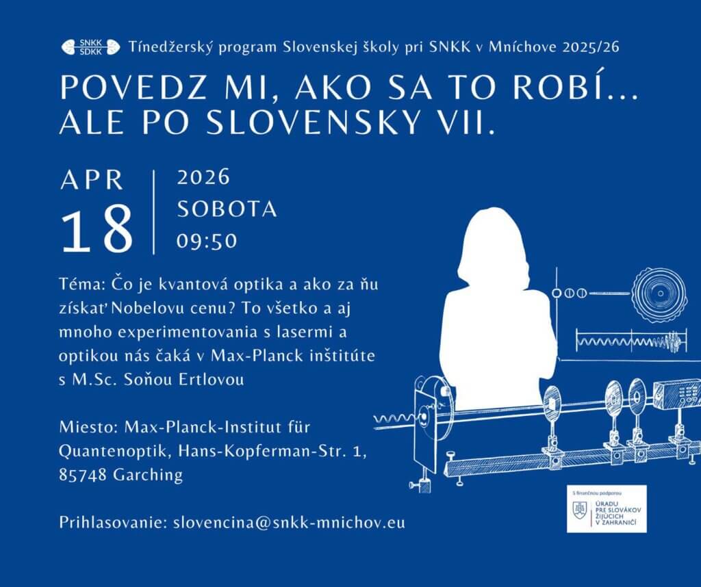 Povedz mi, ako sa to robí... ale po slovensky: O kvantovej optike a experimentoch s lasermi v Max Planck Inštitúte - od 18.4.2026 do 18.4.2026
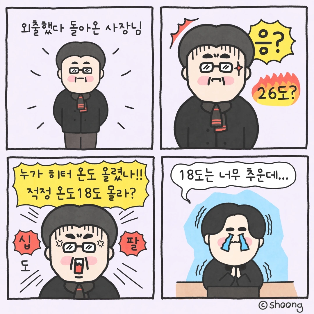 ”사무실 적정 온도 18도!!! 18!!! 도!!! 모르나? “
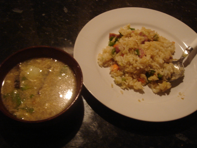 盛り方が非常に乱雑だけど、炒飯とスープ。

====

TO DO ▸
The whole listing must be transcribed exactly. No pictures belong in the copy.

EXERCISE SOLUTION ▸
 Povedz mi, ako sa to robí... ale po slovensky: O kvantovej optike a experimentoch s lasermi v Max Planck Inštitúte - od 18.4.2026 do 18.4.2026
 ”사무실 적정 온도 18도!!! 18!!! 도!!! 모르나? “
 盛り方が非常に乱雑だけど、炒飯とスープ。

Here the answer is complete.